At 2:40 on Saturday, February 22, 2020, The last Challenge Coin (#100) for the 2020 African American History Month Heritage Geocache Challenge was given out. Congratulations to all the Geocachers. The geocaches will remain in place for a few months for public education. Thank you for participating.

This Geocache is part of an annual Geocache Challenge put on by the Heritage Program at Land Between the Lakes National Recreation Area as part of our outreach to the public, to get people to explore their forest and their history, and to share the unique heritage of the families from Between the Rivers.

 

This Geocache is part of the “2020 Land Between the Lakes Heritage Geocache Challenge:  African American History of Lyon County”. There are 7 geocaches placed in Lyon County in Land Between the Lakes related to the African American Heritage of the area. If you locate each geocache, and collect a numbered aluminum tree tag from each cache, you can turn them in at the Golden Pond Visitor Center for one of 100 Challenge Coins created for this event.

 

The Geocache is a 6.5” x 8” orange watertight plastic box marked “Heritage Geocache” on the top. The geocache is placed in the woods, in a hollow log, above the shoreline.

 

“Eddy Bend”: The McRacken Property Geocache

On January 1st, 1842, Hugh McRacken wrote his last will and testament at his property he named “Eddy Bend”. The property, on which you now stand, was named Eddy Bend after the Big Eddy in the bend of Cumberland River that has also lent its name to Eddy Creek and Eddyville.
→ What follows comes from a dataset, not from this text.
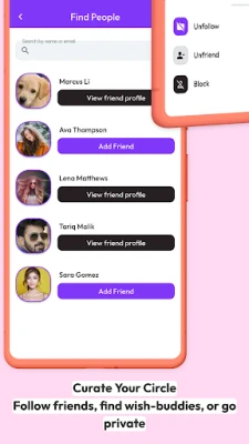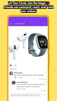 Engage & Share - Comment on your wishes and that of your friends making the platform interactive and inspiring.

Long after his death, The Hillman Land and Iron Company still referred to the property as the McCracken Farm on their Company maps.

Hugh McRacken was born in North Carolina in 1769. By 1820, at the age of 41, he is listed as a single white male in Caldwell County, Kentucky. In 1822, he was elected to the Kentucky House of Representatives, representing Caldwell and Hickman Counties. That same year, he submitted a petition for the organization of Calloway County, Kentucky, and Calloway County was formed.

Hugh McRacken never legally married, but he did live with an enslaved woman, Millie McRacken, and her children, as well as Randal and Perry McRacken, who may be his sons from a previous female slave. All the McRackens were freed after Hugh’s death and can be seen in the 1850 census. Randal McRacken was born in 1805 and Perry McRacken was born in 1809 and they lived with Hugh McRacken until Hugh died in 1842. While all of Hugh’s slaves were freed upon his death, only the two male slaves received payments from the estate; Perry and Randal McRacken.

The McRackens and the Young family appear to be neighbors, business partners, and friends. Hugh McRacken was a white farmer with a mixed-race family and John Young Jr. was also white farmers with a mixed-race family. Randal Mcracken married Malinda Young (the daughter of John Young Jr)., Catherine McRacken married Andrew Young (the son of John Young Jr.), and Richard McRacken married Hannah Young (the daughter of John Young Jr.)